Елена Дондурей – заведующая инфекционным боксированным отделением № 10
Филатовской больницы, кандидат медицинских наук. Как врач-инфекционист она все время была на передовой.
Так надо встречать любую инфекцию
– Елена Александровна, персонал Филатовской больницы как стационара, традиционно работающего с инфекциями, предполагал, что придется столько всего менять в системе работы, что СOVID-19 так затронет детей?
– В самом начале пандемии в принципе никто не предполагал, что так будет, мы же не боги. Никто не думал, что будет настолько тяжело – но и настолько интересно. Наша работа изменилась полностью. Если раньше каждый работал в своем отделении, у всех были свои кабинеты, ординаторские, то потом мы все переехали в санпропускник, практически вся больница стала «красной» зоной. В этом тоже есть свои плюсы и минусы – минусы касаются особенно среднего медперсонала, который круглосуточно находится в СИЗах, им сложнее всего. Да и докторам тоже: если кому-то становится хуже, надо впрыгивать в СИЗ и бежать в другой корпус, смотреть пациента. Но мы, конечно, были готовы.

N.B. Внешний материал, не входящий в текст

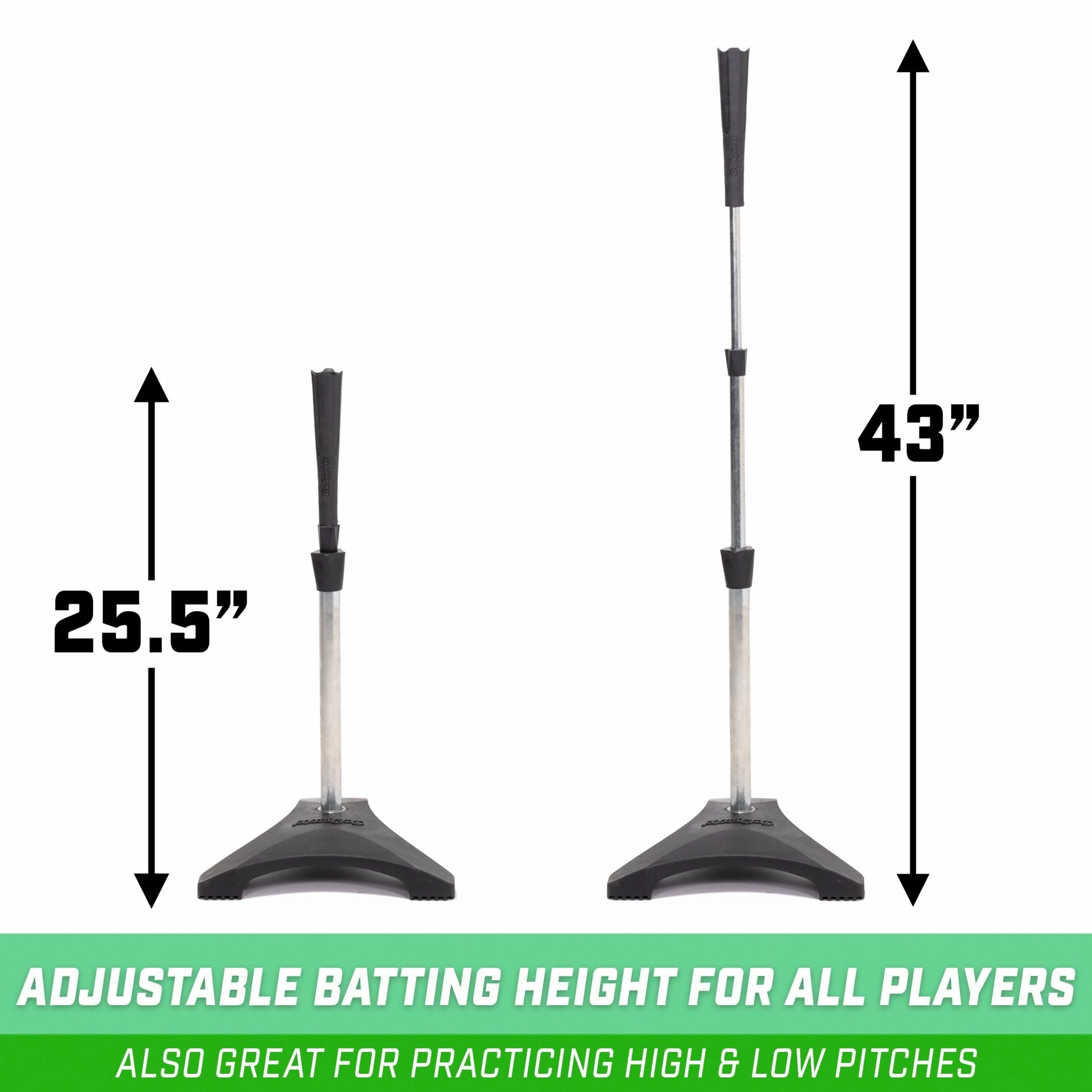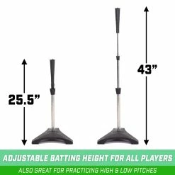 - ULTRA STABLE TELESCOPING TEE: Adjustable batting height ranges from 25.5 inches to 43 inches tall – great for practicing high and low pitches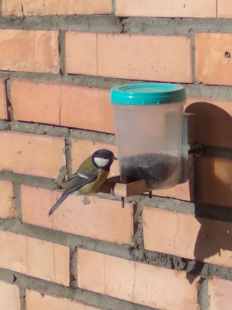 p.s. В банке поставил площадку с наклоном, чтобы все семечки скатывались на площадку, иначе синицы видят их на дне банки и пытаются достать и злятся, что не могут.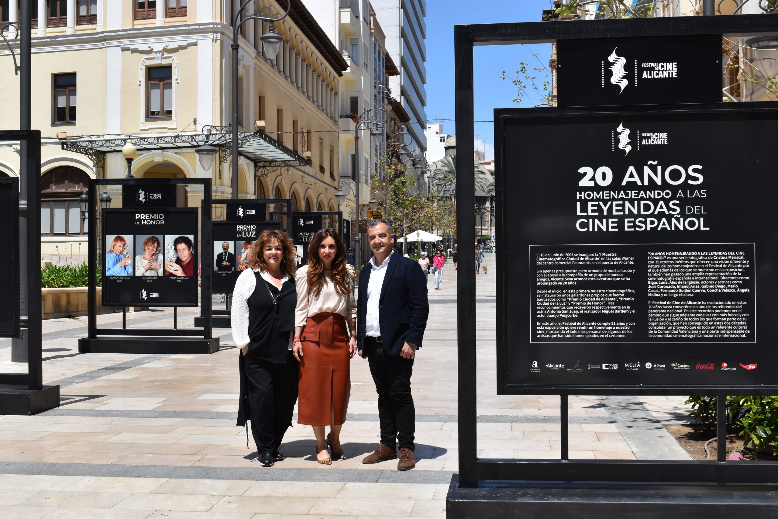 La avenida de la Constitución de Alicante acoge desde este martes la exposición “20 años homenajeando a las leyendas del cine español” organizada por el Festival Internacional de Cine de Alicante que han inaugurado la concejala de Turismo, Ana Poquet y el director del festival, Vicente Seva. Esta muestra fotográfica homenajea a quienes han sido premiados por este certamen a lo largo de su trayectoria. Poquet ha animado a «alicantinos y visitantes a darse un paseo tranquilo por la avenida de la Constitución para poder disfrutar de la exposición del Festival de Cine de Alicante«. La edil ha señalado que «con esta iniciativa el festival se acerca aún más a la ciudad y la hace partícipe» y se une además a «la muestra que acaba de inaugurar en la estación de Adif que da la bienvenida a los visitantes«.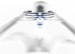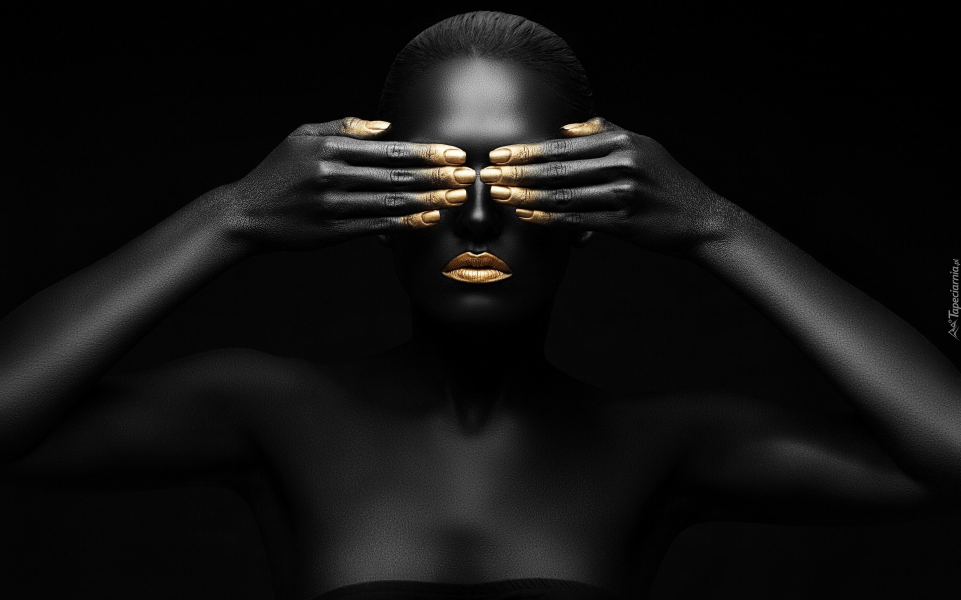 Edytor tapety: Kobieta w złotym makijażu zasłania twarz dłońmi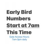 THE FIRST DAY EARLY BIRD NUMBERS WILL BE GIVEN OUT AT 7AM: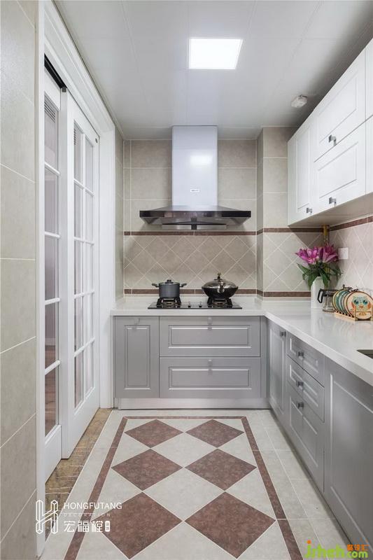 入戶墻面后退預(yù)留出鞋柜位置后,廚房空間有所減少,室內(nèi)設(shè)計(jì)師選用L型櫥柜,能夠滿足我們所需的儲物收納功能不受影響。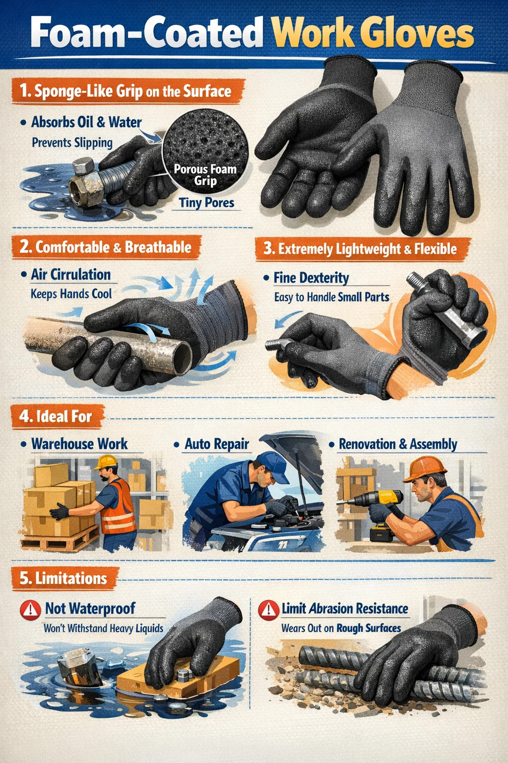 Olaj- és vízfelvétel: A bevonat mikroszkopikusan olyan, mint egy szivacs, tele apró pórusokkal. Amikor olajjal vagy vízzel borított részeket fog meg, ezek a kis lyukak felszívják a folyadékot, lehetővé téve, hogy a kesztyű felülete szilárdan tartsa a tárgyat, és megakadályozza a csúszást.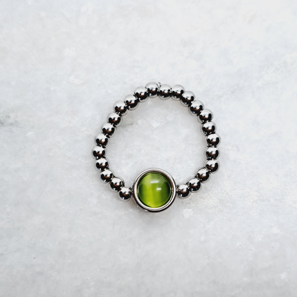 Deze elastische ringetjes zijn gemaakt van 3mm kraaltjes in goud of zilver met een steentje in verschillende kleuren.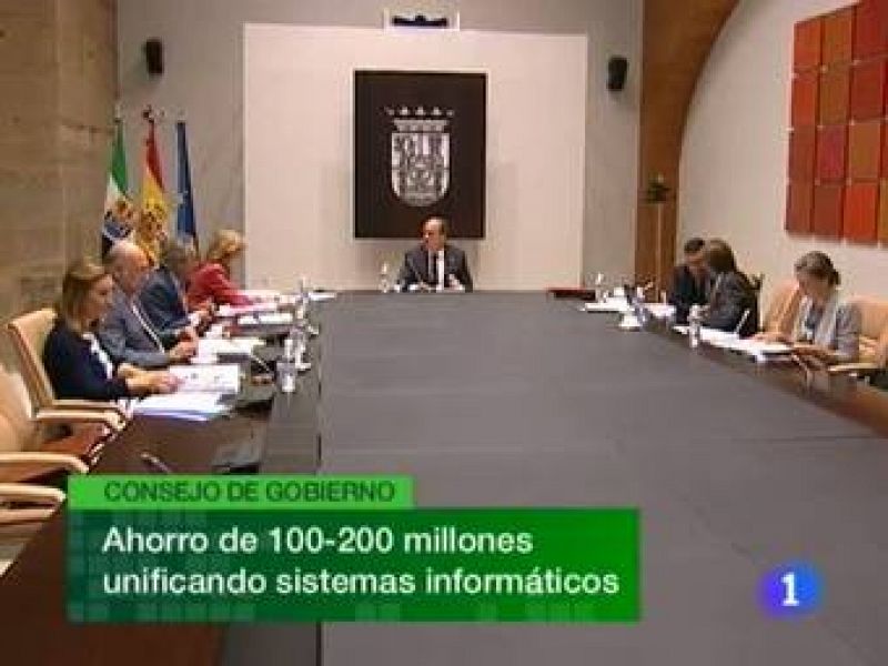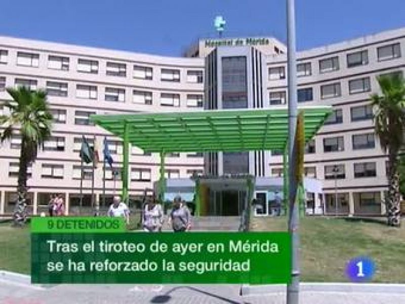 Hoy hemos despertado con la región en alerta por altas temperaturas. Hoy las Vegas altas y bajas del Guadiana serán las que más sufran los rigores del calor, con hasta 40 grados de temperatura...Los sindicatos del nuevo grupo financiero que forman Caja Extremadura, Cajastur y Caja Cantabria, es decir, Liberbank, esperan el resultado de la reunión de la comisión de seguimiento. De él dependerá que convoquen o no concentraciones para protestar por el desplazamiento de 50 empleados a Asturias. Por ahora ninguno es extremeño...La actual directora del Festival de Teatro de Mérida valora de nuevo la gestión económica del Festival de Mérida tras el reciente informe del Tribunal de Cuentas sobre el certamen en años anteriores. Blanca Portillo insiste en que lo suyo es la dirección artística pero ha llegado a reconocer esta mañana que la deuda del Festival es mayor de lo que le dijeron en un principio...En la edición número 27 del Festival de Teatro de Alcántara, Rafael Álvarez "El Brujo" vuelve a arrasar en taquilla. (10/08/11)

Детская заболеваемость росла с отставанием на 2-4 недели от взрослой. Начиная с июня 2020 года мы уже серьезно вступили в пандемию и работали на полную катушку, чистых отделений было мало. Но самая серьезная нагрузка началась осенью, когда практически все инфекционные отделения стали коронавирусными. Потом часть из них снова перепрофилировалась, сейчас постепенно обратно их разворачиваем.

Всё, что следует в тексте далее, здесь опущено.